Bottom line up front (BLUF):
Those of you reading this post: if you genuinely care about being respectful towards this issue, to the people affected by it, you would do well to stop for a second and just try to consider whether these things are as "irrelevant" as a lot of you seem to feel it is. And to stop and consider that your comfort as someone who might have to double-check how you write here can and should be balanced by considering the comfort of people who are regularly worried that their identity is going to be invalided by being here.
I'm seeing a lot of comments to this post saying the same thing over and over, from different people: "I didn't see any attacks against LGBT people, what are you referencing?"
And before I dig into that, I want to explain something: bigotry is not a binary. Bigotry is not "I hate trans people!" and then any statement that falls short of that extreme becomes acceptable. It's a spectrum of misbehavior, ranging from outright, extreme statements of intolerance, to subtle cues that give off the impression that the user is just being polite to avoid social repercussions for a belief or statement they know would be much poorly received if they expressed it honestly.
And then there's behaviors and beliefs that aren't outright bigoted, but sound like arguments that bigots use, and for Trans and NB people on this site, seeing those arguments, even from people who don't intend to use them that way, are troubling and disturbing. This, incidentally, applies to the post that Monica made in the FAQ Meta that she later deleted after this was pointed out to her.
And in that same vein are arguments that are bigoted, but which the people presenting them don't realize are bigoted.
These factors, in combination, are why I think a lot of people reacting to these issues aren't seeing the problems that a lot of trans and non-binary folk are.
So with that in mind, what are we talking about?
I'm going to limit this just to the recently posted FAQ Meta on the Code of Conduct Changes, because it gives us, I think, a good litmus test. Moreover, I'm going to start with the most highly upvoted answers on that post, because I don't want to just find the vocal minority and prop them up like their voices are the only ones that count. I want to focus on the posts that got the most support on that meta, and explain why, as a member of LGBT community myself, I was made to feel uncomfortable by their content.
So we'll start with the most highly upvoted post on that meta, which includes the following paragraph:
I will call you xe or zir etc if you want, but I really don’t like that it’s phrased that if you’re uncomfortable you have to, or get out. I have so much respect for the LGBTQA+ community, but how far do I have to participate in order to engage a user on a question?
So, speaking as a member of the LGBT community, this reads like a more eloquent version of the "I'm not racist, but..." argument people use when they're about to say something racist. If you're someone who has "so much respect" for the LGBT community, why is being told to respect someone's pronouns something that feels like extenuating effort for you?

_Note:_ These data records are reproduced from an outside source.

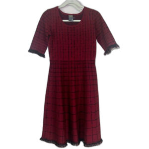 NWOT. Taylor Phillis Sweater Dress Size Small. Fringe at hem and sleeve. Red with black windowpane. Scoop neck.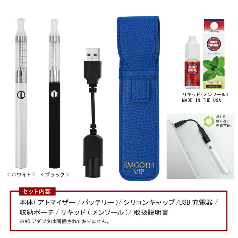 18022002 【モデル】 電子VAPE スムースビップX2 スターターキット 【サイズ】 ・本体:H145×φ11mm/29g ・アトマイザー容量:1.0ml ・メンソールリキッド:10ml ・収納青ケース:H202×W55×41mm 【吸引回数】 ・約350回(測定方法:1回2秒吸引-20kPa/5秒間隔) 【付属】 ・本体(アトマイザー/バッテリー) ・シリコンキャップ ・USB充電器 ・収納ポーチ ・リキッド(メンソール)(MADE IN USA) ・取扱説明書 ※ACアダプタは同梱されていません。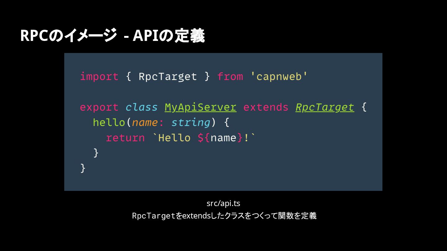 RPCのイメージ - APIの定義 src/api.ts RpcTargetをextendsしたクラスをつくって関数を定義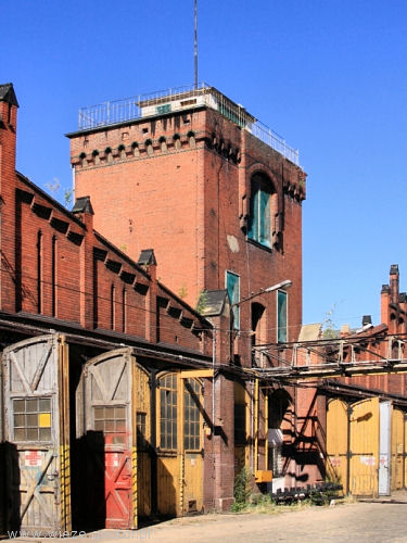 Wieża znajduje się na terenie zajezdni tramwajowej

I don't want to do whole thesis' for each post, so I'll make this brief: just because the matter of self-identity doesn't seem like a large priority to you doesn't mean the person on the other side of the conversation feels the same way. Many people are uncomfortable adopting the default-identity associated with Internet Anonymity (I say with personal experience, being frequently referred to as male despite having not put my gender anywhere on my user profile until relatively recently—which does not include male pronouns), and being treated as such, even implicitly, is uncomfortable.
So yes, being respectful of trans-people means being willing to take the extra few seconds to engage with their identity, if they specifically want that. I get that this is new for a lot of people, and I'm not prepared to exalt SE for their [honestly, kinda crappy] presentation of this change in expectations, but that's how it is.

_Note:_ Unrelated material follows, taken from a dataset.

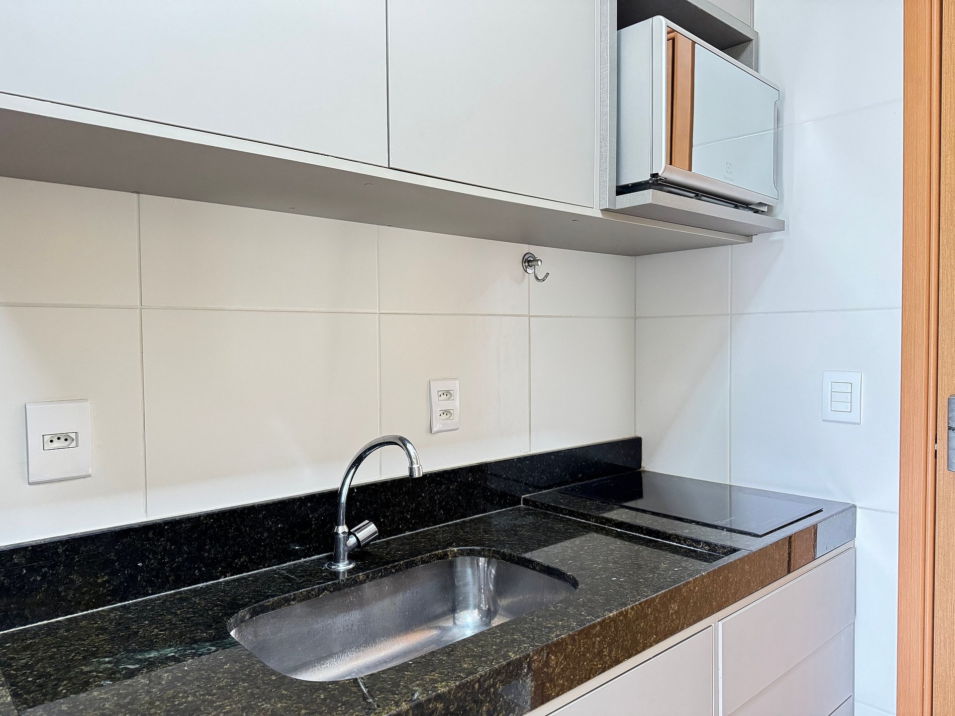O apartamento térreo frente para piscina tem 26m2, uma suíte completa com Smart TV 50", Arcondicionado 19mil Btus, Geladeira, Fogão Elétrico 2 bocas, Forno Microondas, Cama Casal mais sofá cama casal.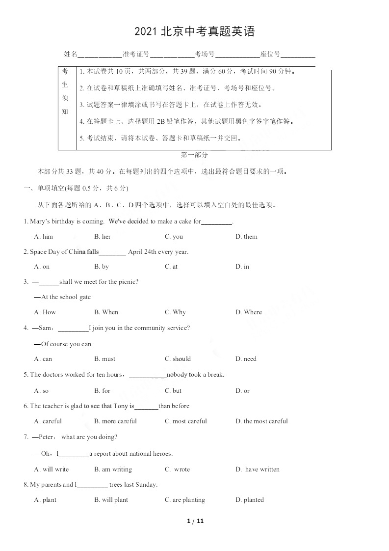 2021年北京市中考英语试题真题已陆续公布,自主选拔在线团队为广大考生收集整理模拟试题及答案,供大家下载。

Next Post. I'm not going to talk about every post, because not literally every single post was objectionable.
So, what about "bad-faith" pronouns like "attack-helicopter" or "Your grace"? Does one still have to use those pronouns?
How does one determine whether or not a pronoun is "legitimate", especially if they are unfamiliar with it?
You flag for a moderator and they'll take a look at it.
Personally, this kind of response frustrates me, because those aren't even pronouns, they're titles. And more importantly, we're not robots. We can gauge for ourselves whether we think someone is acting in bad faith or not. And even if we suspect someone is acting in bad faith, we don't need to react by behaving in ways that will hurt trans people. If someone shows up in a chat room insisting they identify as an attack helicopter, and refuses to cop to any kind of insincere trolling behavior, that doesn't mean we need to start acting like trans people using pronouns correctly are somehow responsible for this behavior, or that a code of conduct mandating respectful pronoun use somehow caused this.
To someone that has English as a secondary language, and where gender-specific pronouns don't exist in their primary language, it may seem absolutely absurd that an subject like pronoun usage ends up in a code of conduct.
What happened to common sense? What happened to just not being an a-hole?
A: "He should do X and X"
B: "(I'm a <gender>, )please use <pronoun>"
A: "Mkay"
Both: Moving on
The problem with this post is that the user is acting like the hypothetical conversation they've described is the only way these conversations have ever played out. But they're not. Conversations on this network don't always play this nicely, and that's why we need changes to the Code of Conduct. The previous "Be Nice" policy was not helping ensure that conversations stayed at this level of respectful and obvious.
There were many conversations, especially in the chatrooms on the programming stacks, that were openly contemptuous of the identities of transgender people. It seems likely to me that much of the purpose of these changes to the Code of Conduct was to specifically try to address that issue.
Compelled speech, even in the name of a worthy cause, has no place in civilized society. Period. Our values reject it.
Forcing people to choose between violating their conscience or leaving, in the name of inclusiveness, is an Orwellian nightmare that has no place in our community. Our values reject it.
A reminder, in case it wasn't clear that I was working from highly upvoted posts, is that this response garnered a net total of 600 positive votes. This post, which calls a policy of respecting a trans person's pronouns, Orwellian, was extremely positively received by the community.
Do you understand how uncomfortable this makes me? How uncomfortable this is for many LGBT people on this network? It's not just that this one user said The Bad Thing™, but that there were hundreds of people who actively cared about this issue that affirmatively agreed with this stance—and these people constitute a majority of the people who cared to respond.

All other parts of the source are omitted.